Using EntityManager merge operation
When trying the JPA merge
operation:
doInJPA(entityManager -> { for ( Post post: posts ) { entityManager.merge( post ); } });
Hibernate generates the following statements:
SELECT p.id AS id1_0_1_, p.title AS title2_0_1_, c.post_id AS post_id3_1_3_, c.id AS id1_1_3_, c.id AS id1_1_0_, c.post_id AS post_id3_1_0_, c.review AS review2_1_0_ FROM post p LEFT OUTER JOIN post_comment c ON p.id = c.post_id WHERE p.id = 1 SELECT p.id AS id1_0_1_, p.title AS title2_0_1_, c.post_id AS post_id3_1_3_, c.id AS id1_1_3_, c.id AS id1_1_0_, c.post_id AS post_id3_1_0_, c.review AS review2_1_0_ FROM post p LEFT OUTER JOIN post_comment c ON p.id = c.post_id WHERE p.id = 3 SELECT p.id AS id1_0_1_, p.title AS title2_0_1_, c.post_id AS post_id3_1_3_, c.id AS id1_1_3_, c.id AS id1_1_0_, c.post_id AS post_id3_1_0_, c.review AS review2_1_0_ FROM post p LEFT OUTER JOIN post_comment c ON p.id = c.post_id WHERE p.id = 5 Query:[ "update post set title=? where id=?"], Params:[ (Vlad Mihalcea's High-Performance Java Persistence, Part no. 0, 1), (Vlad Mihalcea's High-Performance Java Persistence, Part no. 1, 3), (Vlad Mihalcea's High-Performance Java Persistence, Part no. 2, 5) ] Query:[ "update post_comment set post_id=?, review=? where id=?" ], Params:[ (1, Excellent read!, 2), (3, Excellent read!, 4), (5, Excellent read!, 6) ]

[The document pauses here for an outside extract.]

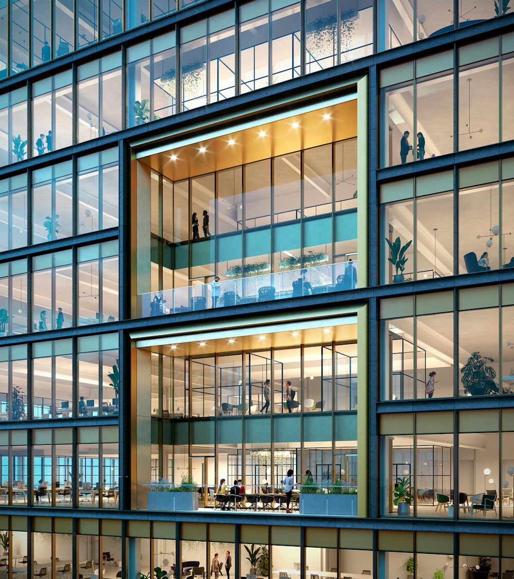 L'ensemble des plateaux sont très ouverts et les étages supérieurs offrent de nombreux accès à des espaces extérieurs avec des terrasses distribuées de façon symétrique de part et d'autre du bâtiment, créant un fronton central contemporain qui donne son identité au bâtiment. Le toit-terrasse de 1 250 m² offre une vue imprenable sur New York et la rivière Hudson.

Apart from the expected UPDATE
statements that were batched properly, we can see 3 additional SELECT statements with a LEFT OUTER JOIN between Post
and PostComment
table rows.
This is undesirable since we could have hundreds of such entities, and each one would require a separate SQL query for the merge
operation.
Using Session update operation
When using the Hibernate-specific Session
update
operation:
doInJPA(entityManager -> { Session session = entityManager.unwrap( Session.class ); for ( Post post: posts ) { session.update( post ); } });
Hibernate generates only the UPDATE SQL statements:
Query:[ "update post set title=? where id=?"], Params:[ (Vlad Mihalcea's High-Performance Java Persistence, Part no. 0, 1), (Vlad Mihalcea's High-Performance Java Persistence, Part no. 1, 3), (Vlad Mihalcea's High-Performance Java Persistence, Part no. 2, 5) ] Query:[ "update post_comment set post_id=?, review=? where id=?" ], Params:[ (1, Excellent read!, 2), (3, Excellent read!, 4), (5, Excellent read!, 6) ]
Much better!
I'm running an online workshop on the 11th of October about High-Performance SQL.If you enjoyed this article, I bet you are going to love my Book and Video Courses as well.
Conclusion
While the merge
operation is safer since it introspects the 1st-level transactional write-behind cache and will work even if we already have that entity attached in the currently running Persistence Context, the update
operation is much more efficient for entity batch processing.
One caveat where update
is not suitable is when using versionelss optimistic locking since the SELECT
statement is going to be issued anyway. This is because Hibernate needs the disassembled state
in order to provide the load-time property values used as WHERE clause predicates.